Unnamed: 0,url,title,author,username,user_since,following,followers,published,claps,text,tags,clap_ratio
0,https://medium.com/@lizardgrey/lets-pass-on-th...,"Let’s Pass on the Pizzazz, NBC, and Listen to ...",Elizabeth Grey,medium.com/@lizardgrey,2019.0,82.0,57.0,Nov 14,22,"['[Photo courtesy of Pixabay, There is a diffe...","['Politics', 'Impeachment', 'Ukraine', 'Diplom...",0.385965
1,https://medium.com/swlh/politics-isnt-my-passi...,Politics Isn’t My Passion,Elizabeth Grey,medium.com/@lizardgrey,2019.0,82.0,57.0,Nov 12,103,"['[image courtesy of Pixabay, Last night I was...","['Top ', 'Story', 'Submit, ', 'Politics', 'Tru...",1.807018
2,https://medium.com/@lizardgrey/my-no-lies-diet...,The No More Lies Diet Book,Elizabeth Grey,medium.com/@lizardgrey,2019.0,82.0,57.0,Nov 10,2,['[I can’t write about politics today. It’s to...,"['Weight ', 'Loss', 'Self ', 'Improvement', 'E...",0.035088
3,https://medium.com/the-slowdown/how-likely-is-...,How Likely is a Real-life Terminator?,Amie Haven,medium.com/@amiehaven,2019.0,17.0,21.0,Nov 14,104,['[Lethal autonomous weapon systems (LAWS) are...,"['About', 'Pitch ', 'Us ', 'Slalom, ', 'Artifi...",4.952381
4,https://medium.com/@lizardgrey/lets-pass-on-th...,"Let’s Pass on the Pizzazz, NBC, and Listen to ...",Elizabeth Grey,medium.com/@lizardgrey,2019.0,82.0,57.0,Nov 14,22,"['[Photo courtesy of Pixabay, There is a diffe...","['Politics', 'Impeachment', 'Ukraine', 'Diplom...",0.385965


## NLP

In [83]:
#we need to do a bit of preprocessing first! 
#remove pixabay

#politics data
str1 = politics.text.iloc[:10]

#money data 
str2 = money.text.iloc[:10]

In [106]:
all_str = pd.concat([str1,str2]).reset_index(drop=True)
all_str.iloc[:10]

0    ['[Photo courtesy of Pixabay, There is a diffe...
1    ['[image courtesy of Pixabay, Last night I was...
2    ['[I can’t write about politics today.

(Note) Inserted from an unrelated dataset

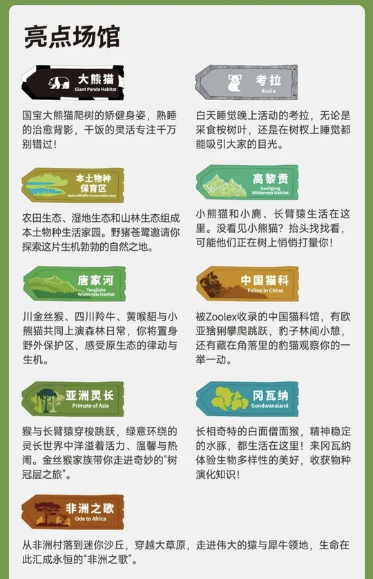 🎫南门→⭐南门新区(非洲村落→迷你沙丘→智慧之灵→伟大的猿→穿越大草原→犀牛领地→澳洲袋鼠角→马岛客厅→狐猴漫步)→⭐放牛山(考拉馆→亚洲灵长区→河马馆→冈瓦纳区→象馆→高黎贡区)→⭐大红山(虎馆→猕猴世界→细尾獴→本土保育区→狼馆→猫科星球→熊馆)→⭐小红山(热带鸟馆→唐家河→北门湖)→大熊猫馆→🎫北门

It’s to...
3    ['[Lethal autonomous weapon systems (LAWS) are...
4    ['[Photo courtesy of Pixabay, There is a diffe...
5    ['[What the first day of the House’s public he...
6    ['[To the best of my knowledge, nobody out the...
7    ['[A New York judge ordered on Thursday that P...
8    ['[Bill Gates joined the list of billionaires ...
9    ['[Let’s talk about guns', 'My children had a ...
Name: text, dtype: object

In [95]:
#create the vector
#focus on max_features as well
vector = tfidf(stop_words = "english", strip_accents = 'ascii', max_features = 50)

#fit the data
vector.fit(all_str)

#can look at the vectorizer
print(vector.get_feature_names())

['account', 'air', 'apple', 'bubble', 'bubbles', 'card', 'companies', 'company', 'credit', 'day', 'did', 'gates', 'human', 'ico', 'investment', 'investors', 'just', 'know', 'laws', 'like', 'make', 'market', 'money', 'month', 'new', 'news', 'people', 'plan', 'portfolio', 'president', 'price', 'public', 'retirement', 'right', 'said', 'save', 'say', 'sea', 'south', 'stock', 'stocks', 'time', 'tronics', 'trump', 'try', 'want', 'way', 'write', 'year', 'years']


In [96]:
#transforming the data, aka manipulating it based on the weights we 
#determined before by fitting our data 
train = vector.transform(all_str)

In [97]:
train

<20x50 sparse matrix of type '<class 'numpy.float64'>'
	with 283 stored elements in Compressed Sparse Row format>

In [98]:
train_Y = [0] * 10 + [1] * 10
train_Y

[0, 0, 0, 0, 0, 0, 0, 0, 0, 0, 1, 1, 1, 1, 1, 1, 1, 1, 1, 1]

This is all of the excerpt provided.